- Input data -
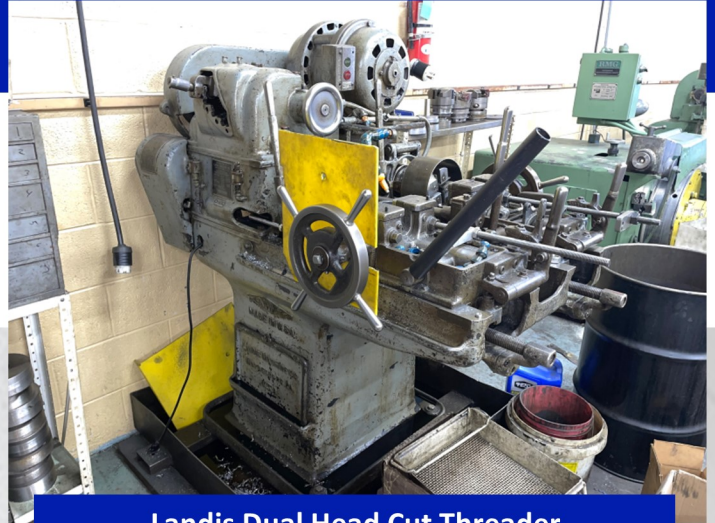
Landis Dual Head Cut Threader
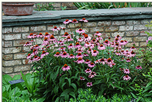
Magnus Coneflower in bloom
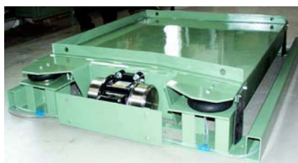
VTH/W 12/12 with 2 NEG 501510 for a weighing machine

NetterVibration offers the accessories required for the mounting, installation, control and monitoring of vibrators and vibrating tables.
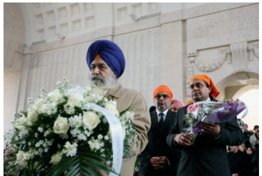
Sikhs during Armistice Day Ceremony, 11 November 2009
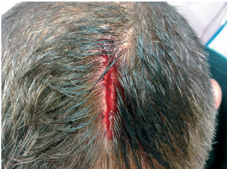
Head injuries: often from the most benign incidents.

For medical training and marine medical kits , please contact MEDIDISTANCE at medidistancesante@gmail.com Other similar organizations exist in most countries, whether private entities or official departments. Advice on where to find training can be obtained from the likes of the RYA in the UK or the SSCA in the USA or others in different countries. For calling for medical help when you are at sea, initial contact can be made with the nearest coastguard, wherever in the world you are.
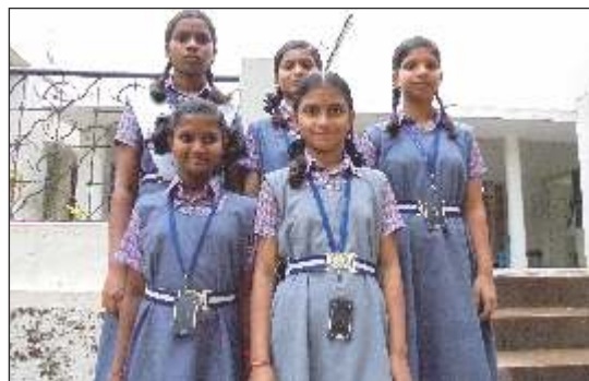
Students of Gowtham Vidhyalaya High School
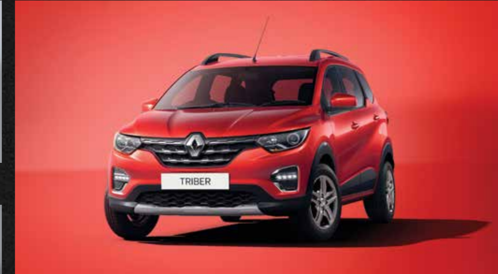
FIERY RED (MP)
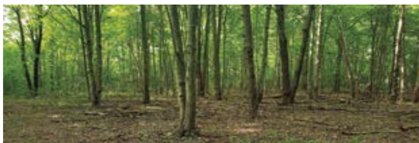
Turtle Woods in Troy
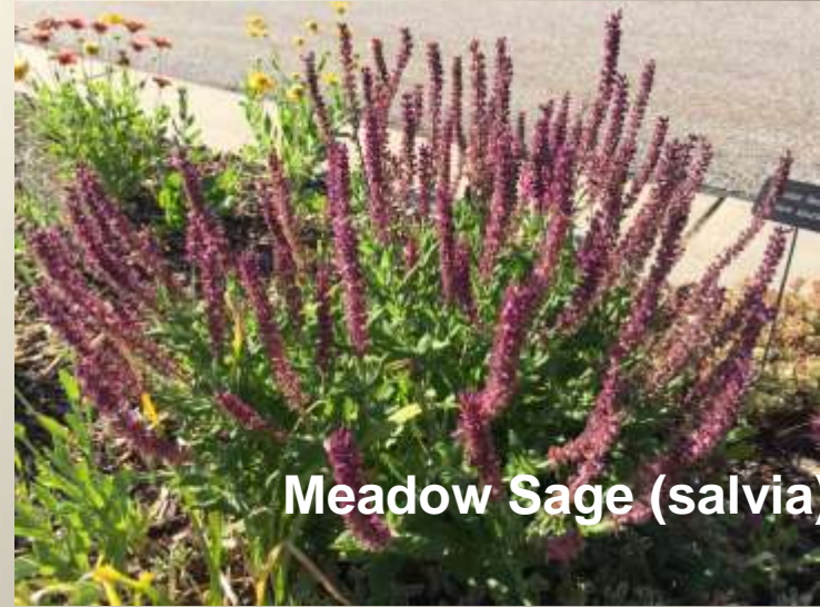
Meadow Sage (salvia)

- What the task requires -
Your copy should hold only the lines from the one containing "FIERY RED (MP)" through the last line of the listing, both included, retyped exactly and free of pictures.

- Completed task -
FIERY RED (MP)
Turtle Woods in Troy
Meadow Sage (salvia)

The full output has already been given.